When operating a business, whether you are manufacturing a product or offering a Steven E. Staugaitis, CPAservice, there are processes that are developed over time. These processes either add value or they add waste. The ability to eliminate waste is one of the most effective ways to drive additional profits.

“In eliminating waste, it is important to understand what waste is and where it can be found,” says Steven E. Staugaitis, Director, Audit & Accounting, at Kreischer Miller. “The automobile manufacturer Toyota is credited with identifying the seven prominent wastes that have become the foundation for lean manufacturing.”

Wastes can be identified by walking the business or brainstorming with team members in an organization.

Smart Business spoke with Staugaitis about the seven prominent wastes that could be holding your company back from achieving profitability.

1. Overproduction

Overproduction occurs when more of a product or service is produced than what is needed.

It can also occur when a product or service is produced before it is required. Companies that carry inventory can be guilty of this when they manufacture products to have ‘just in case’.

2. Waiting

Inefficient use of time causes waiting in an organization. This time can be identified as the lead time needed in waiting for the next step in the process. Waiting can be caused by ineffective layouts of shop floors, poor material flow, or production runs that are too long.

3. Transporting

Transportation between processes is a non-value cost that can lead to damage or loss. This often occurs because of an inefficient layout of a manufacturing operation or the shuffling of paper in an office environment.

4. Inappropriate processing

Another common waste is when organizations misuse their resources. This waste occurs when a company uses a CNC machine to cut a piece of sheet metal when a pair of shears would do.

In a service oriented organization, this often occurs when a senior partner is preparing information that a first year staff would be capable of preparing.

5. Unnecessary inventory

Unnecessary inventory is a direct result of overproduction and waiting. By reducing the unnecessary inventory, an organization can get to the root of other underlying problems.

6. Unnecessary motion

This waste is caused by the ergonomic layout of each employee’s workspace. It occurs when there are unnecessary instances of stretching, reaching or bending. These costs are often not apparent until a lawsuit ensues.

7. Defects

Defects can come in a variety of forms. Reworking and scrap incurred during a process along with the time delay that is required to fix a defect is the common source of this waste before the shipment of a deliverable product or service.

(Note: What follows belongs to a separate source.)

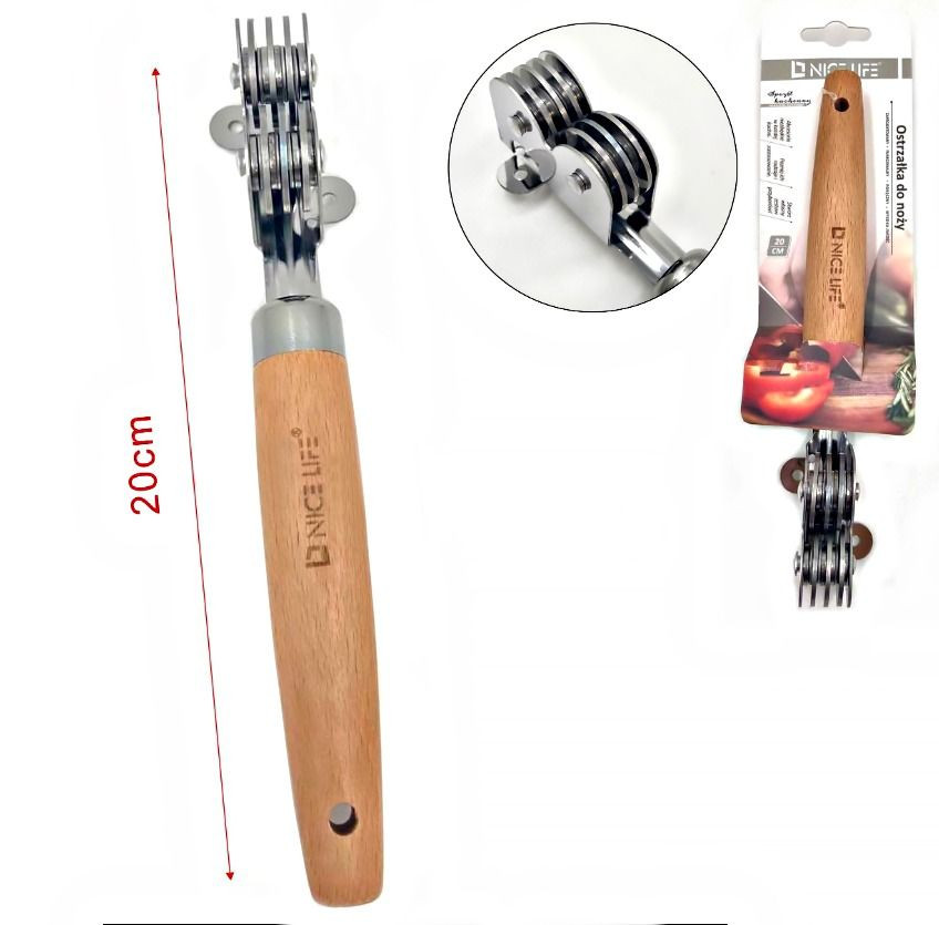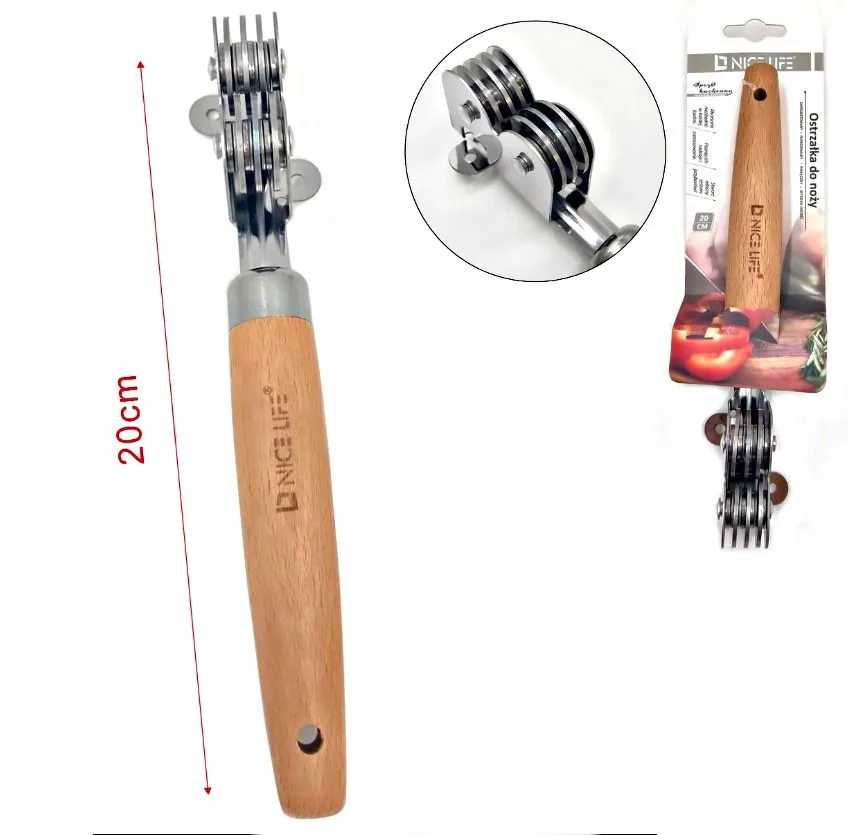 A praktikus univerzális késélező rozsdamentes acélból készült, fa fogantyúval. Nagyon hasznos minden konyhában. Ennek köszönhetően minden kést sima pengével élezünk. Helyezzük az élezőt egy sima felületre, és tartsuk erősen.

After a defect has been detected, the costs to fix it can be great and even detrimental if it costs the business a customer.

Identifying these wastes in your business is only part of the process. Short-term gains can be realized when you begin to eliminate waste. But organizations really profit when they engrain waste reduction as part of their culture. Making the long-term commitment can transform a company from good to great.

In order to achieve this objective, both employees and leaders at every level of the organization must be diligent about finding ways to make their own individual contribution to the effort.